Expected output would be: 预期输出为:

C3B1C3AB7CC290C291C295C290C290C290C290C291C295C290C298C290C290C3A41616C290C290C290C290C290C298C290C290C290C290C290C290C290C290C294C290C290C290C290C290C295C290C290C290C290C290C290C29016C291C295C291C29016C291C299C290C290C290C290C290C290C290C290C291C294C290C294C291C296C291C295C291C294C291C298C290C290C290C290C291C2941604C296C299C290C291C296C291C280C290C3A2C290C280C280C280C280C290C290C290C29116C293C294C295C290C290C294C29116C293C294
ISO0150000150800C220000080000000040000050000000215102190000000014041615141800001427690161 0B0    000123450041234
new String(source.getBytes(inputCharacterCoding), outputCharacterCoding)
    .getBytes()

This probably does not do what you think it does. 这可能不符合您的想法。

First things first: a String has no encoding . 首先, String没有编码 Repeat after me: a String has no encoding . 在我之后重复: String没有编码

A String is simply a sequence of tokens which aim to represent characters.
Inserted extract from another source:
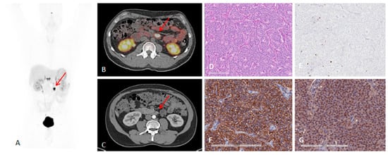 A 41-year-old man with metastatic lymph nodes on [68Ga]Ga-DOTA-TATE PET/CT. He had undergone previous surgery for pancreatic NET (patient 5). Mesenteric lymph node from primary pancreatic NET was found with probe with TBR of 3.4 for this 0.8 cm lesion (WHO grade 1). (A) [68Ga]Ga-DOTA-TATE PET maximum intensity projection image showing mesenteric/duodenal lesion in segment 3 (red arrow) and multiple retroperitoneal lymph nodes. (B) [68Ga]Ga-DOTA-TATE PET/CT image showing mesenteric mass with SUVmax of 72.8 (red arrow). (C) Arterial phase CT showing corresponding mesenteric mass (red arrow). (D) Representative hematoxylin and eosin staining of tumor showing NET in lymph node, WHO grade 1. (E) Representative immunohistochemistry for MIB-1 staining showing <2% of cells positive. (F) Immunohistochemistry for SSTR2 showing representative image for score 3 (membranous pattern of SSTR2 staining in >50% of tumor cells) (original magnification, ×20). (G) Immunohistochemistry for SSTR5 showing representative image of tumor with >10% of tumor cells positive (original magnification, ×20). Reproduced from [15].

String只是旨在表示字符的令牌序列。 It just happens that for this purpose Java uses a sequence of char s. 为此,Java恰好使用了char序列。 They could just as well be carrier pigeons. 他们也可能是信鸽。

UTF8, CP1047 and others are just character codings; UTF8,CP1047和其他仅仅是字符编码。 two operations can be performed: 可以执行两个操作:

  • encoding: turn a stream of carrier pigeons ( char s) into a stream of bytes; 编码:将信鸽( char )流转换为字节流;
  • decoding: turn a stream of bytes into a stream of carrier pigeons ( char s). 解码:将字节流转换为载体鸽子( char )流。

Basically, your base assumption is wrong; 基本上,您的基本假设是错误的; you cannot associate an encoding with a String . 您不能将编码与String关联。 Your real input should be a byte stream (more often than not a byte array) which you know is the result of a particular encoding (in your case, UTF-8), which you want to re-encode using another charset (in your case, CP1047). 您的实际输入应该是一个byte流(通常不是字节数组),您知道它是特定编码 (在您的情况下为UTF-8)的结果,您想使用另一个字符集(在您的情况,CP1047)。

The "secret" behing a real answer here would be the code of your Hex.encodeHex() method but you don't show it, so this is as good an answer that I can muster. 作为真正答案的“秘密”将是您的Hex.encodeHex()方法的代码,但是您没有显示它,因此这是我可以推荐的一个很好的答案。

A quick fix (though a little ugly) would be to change getString() to: 一个快速的解决方法(尽管有点难看)是将getString()更改为:

public static String getString(char[] source) throws DecoderException, UnsupportedEncodingException {
        return new String(new String(Hex.decodeHex(source), Charset.forName("UTF-8")).getBytes("Cp1047"),"UTF-8");
}

As fge already mentioned, you switch transforming between chars and bytes, which are different pairs of shoes. 正如fge已经提到的,您可以在char和byte之间切换,这是不同的鞋子。 So in this quick solution you first get your hex decode assuming UTF-8, then encoding it to a Cp1047 byte array and finally, decode it back to a String by using the UTF-8 charset. 因此,在此快速解决方案中,您首先使用UTF-8进行十六进制解码,然后将其编码为Cp1047字节数组,最后使用UTF-8字符集将其解码回String。

As I already said, this is simply a quick one-liner workaround and not the cleanest solution, as the error is already done during the hex encoding. 正如我已经说过的那样,这只是一种快速的单行解决方法,而不是最干净的解决方案,因为错误已在十六进制编码期间完成。

reqMsg no longer has an encoding so it's pointless (and damaging) to try to convert if from UTF-8 to "Cp1047". reqMsg不再具有编码,因此尝试将其从UTF-8转换为“ Cp1047”是毫无意义的(并且有害)。

If reqMsg is going to be coming from an external source in the future, such as from disk or network, then you will have to decode - perhaps this is where the confusion comes from. 如果reqMsg将来将来自外部源(例如来自磁盘或网络),则您将不得不解码-也许这就是混乱的来源。 Perhaps you'll being doing: UTF-8->Unicode(String)->CP1047->HEX. 也许您会这样做:UTF-8-> Unicode(String)-> CP1047-> HEX。 When you write it to stdout, the HEX will likely to be ASCII encoded. 当您将其写入stdout时,十六进制可能会被ASCII编码。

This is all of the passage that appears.